Problem description:
Everything from the line that contains "張尚保走在去鐵頭村張家灣自然村出診的路上(3月23日攝)。" through the last line below should be transcribed exactly, except the pictures.

Dataset content:

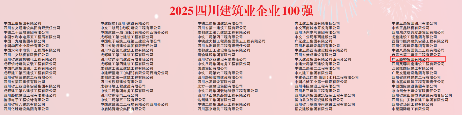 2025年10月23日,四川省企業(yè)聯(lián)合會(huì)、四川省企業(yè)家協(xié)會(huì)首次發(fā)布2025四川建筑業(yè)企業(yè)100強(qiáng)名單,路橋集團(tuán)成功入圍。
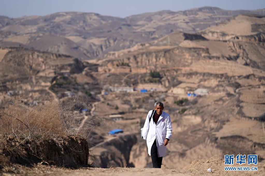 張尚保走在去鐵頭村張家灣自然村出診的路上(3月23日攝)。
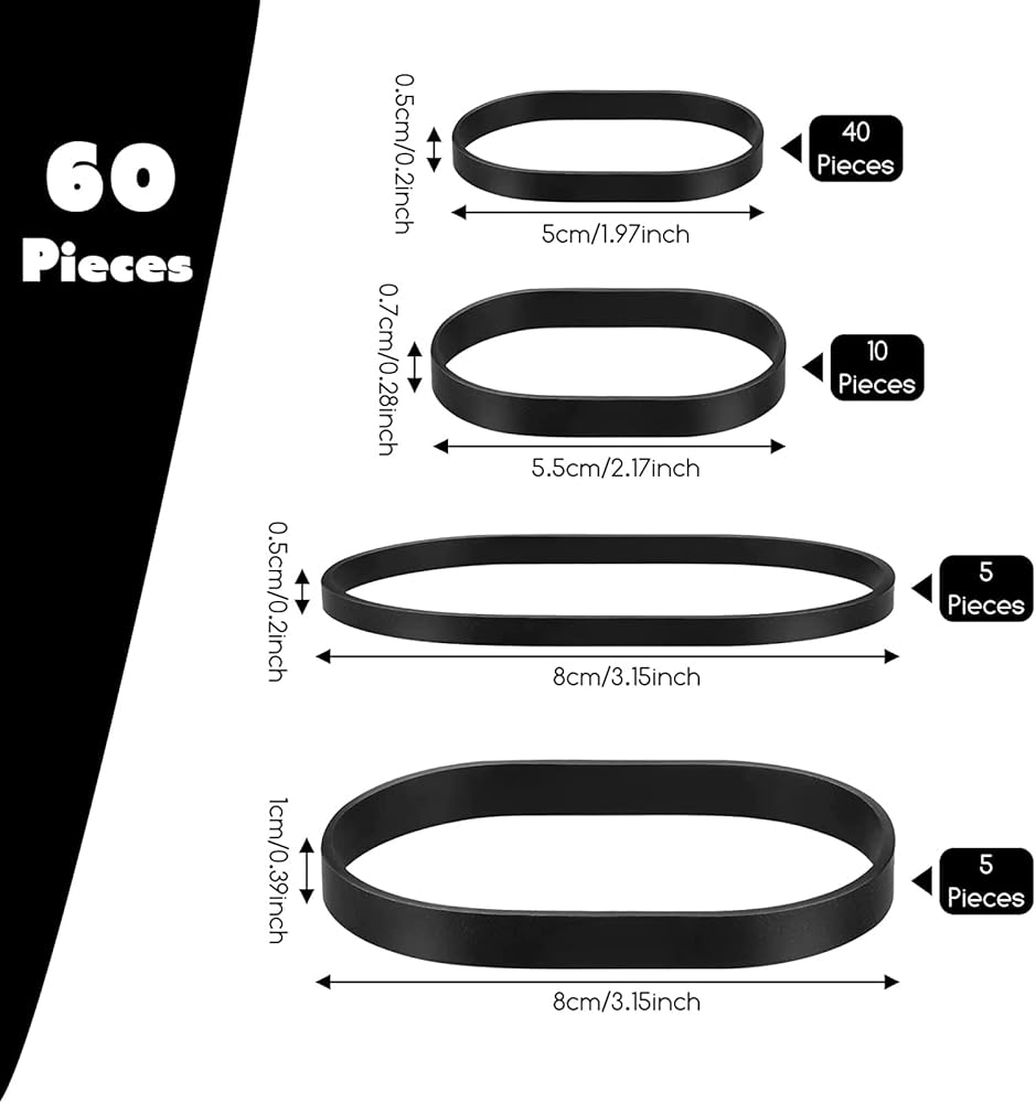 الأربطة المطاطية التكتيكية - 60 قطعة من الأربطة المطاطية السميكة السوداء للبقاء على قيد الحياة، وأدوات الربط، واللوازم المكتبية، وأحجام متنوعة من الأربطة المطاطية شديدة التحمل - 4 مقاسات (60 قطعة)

Exercise output:
 張尚保走在去鐵頭村張家灣自然村出診的路上(3月23日攝)。
 الأربطة المطاطية التكتيكية - 60 قطعة من الأربطة المطاطية السميكة السوداء للبقاء على قيد الحياة، وأدوات الربط، واللوازم المكتبية، وأحجام متنوعة من الأربطة المطاطية شديدة التحمل - 4 مقاسات (60 قطعة)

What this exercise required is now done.